Work to complete. Before returning the data, strip out the pictures and keep everything else exactly the same.

Given material.
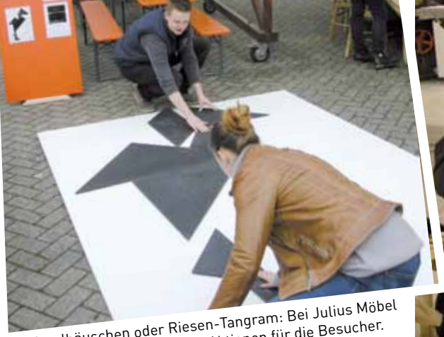
Ob Vogelhäuschen oder Riesen-Tangram: Bei Julius Möbel in Overath gab es jede Menge Aktionen für die Besucher.
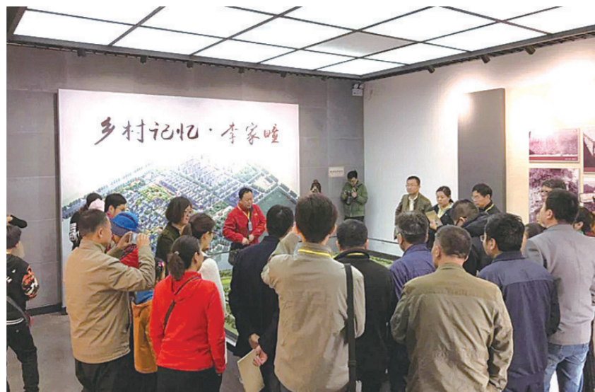
淄博市文物局、周村区文物局举办的“4·18”国际古迹遗址日参观体验活动现场。

南粤古驿道是以广东广州为中心,向东、西、南、北4个方向延伸形成的6条古驿道线路网络,包含了14条主线、56条支线,串联了广东省21个地级市103个区县的1200个人文及自然发展节点,包括202处古驿道及相关遗址、388处历史文化村镇等。4月14日起,广东省结合近几年开展的南粤古驿道保护利用工作,举办了南粤古驿道保护与修复利用研讨会等近10项国际古迹遗址日活动。“多年的修复利用,让古驿道‘留下来’并且焕发出新的活力,这是有形的物的传

Solution for this problem.
Ob Vogelhäuschen oder Riesen-Tangram: Bei Julius Möbel in Overath gab es jede Menge Aktionen für die Besucher.
淄博市文物局、周村区文物局举办的“4·18”国际古迹遗址日参观体验活动现场。

南粤古驿道是以广东广州为中心,向东、西、南、北4个方向延伸形成的6条古驿道线路网络,包含了14条主线、56条支线,串联了广东省21个地级市103个区县的1200个人文及自然发展节点,包括202处古驿道及相关遗址、388处历史文化村镇等。4月14日起,广东省结合近几年开展的南粤古驿道保护利用工作,举办了南粤古驿道保护与修复利用研讨会等近10项国际古迹遗址日活动。“多年的修复利用,让古驿道‘留下来’并且焕发出新的活力,这是有形的物的传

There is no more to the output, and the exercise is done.